What has really cinched it for me, though, compared to any other silent practice solutions I’ve tried is the Stage Feel modes.

It doesn’t look like much, but the Stage Feel function makes a real difference when you’re playing for long periods (Image credit: Matt Parker / Future)

These are essentially three room sound presets, which offer a choice of Stage, Studio and Custom settings and, if you dig in via the app, allow you to move audio sources and amps around the listening space.

This is done using “advanced BOSS spatial technology” – likely some form of IR and hardly revolutionary in isolation – but it’s hard to think of another scenario where it’s been incorporated in such a straightforwardly useful way.

It’s super-simple to use (engaged with a switch on the side of the unit) and, when you don the headphones, it feels like it puts you in the room with the amp sound. 

The most persistent wisdom I have garnered during my 15-odd years of writing about guitars is that playing is about feedback loops – between your mind and your hands, your hands and the strings, the guitar and the amp and so on.
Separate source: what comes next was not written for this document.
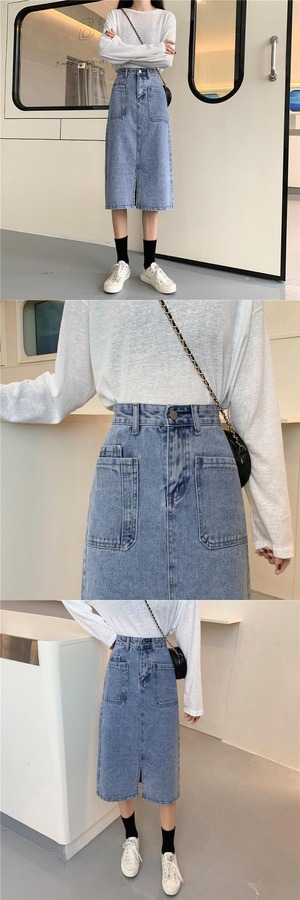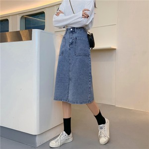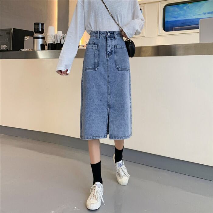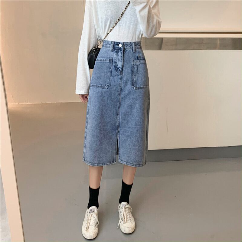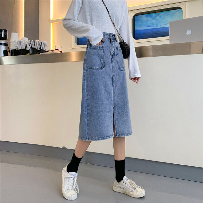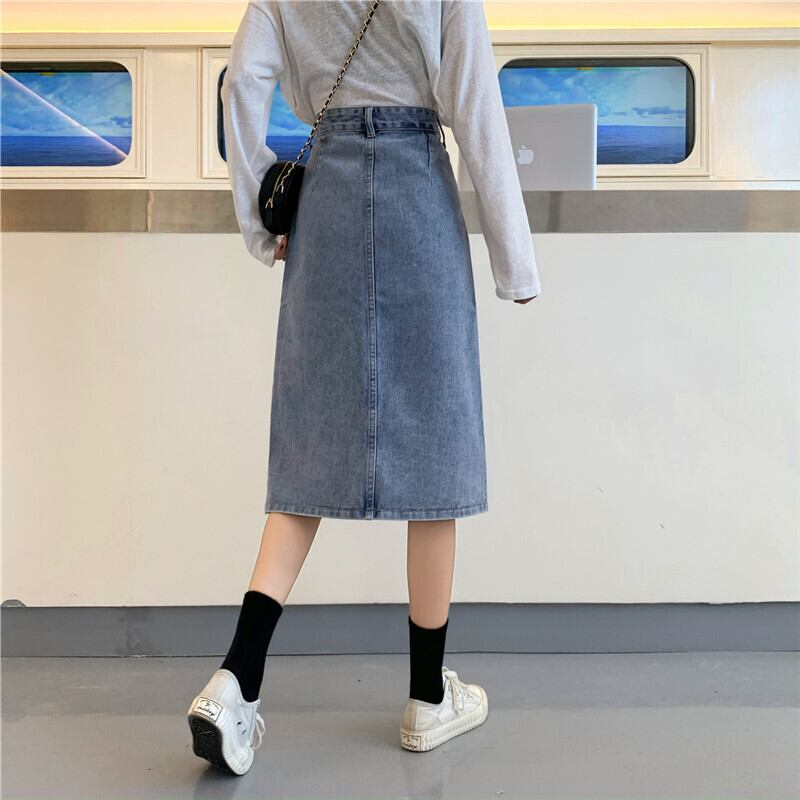 淡い色のハイウエストデニムスカートレディース2020年初秋レディース新作ミッドレングススリムAライン分割スカート クレセントシティ71125049323

And that all exists within a broader, overarching loop of the sound and your ears. 

(Image credit: Matt Parker / Future)

Anything that breaks or interrupts one of those loops hinders our flow as players – and that is where headphone amps (and a lot of other quiet practice solutions) traditionally fall flat. If our brain has to compensate for that interruption then it becomes much more wearing on the ears and mind. 

It doesn’t feel like that is happening in the same way with the Katana:GO. The Stage Feel feature is a major part of that, but it’s also the way it’s incorporated into a bigger offering that, by luck or design, has made it much easier for me to pick and play for long periods – and, at its core, that is all I really need it to do.

As a guitar journalist, it’s very easy to become prone to cork-sniffing, but ultimately the best gear is the stuff you find yourself using time and again. And so this is where I find myself – a guitar journo of 15 years – standing in front of the world declaring my love… for a headphone amp.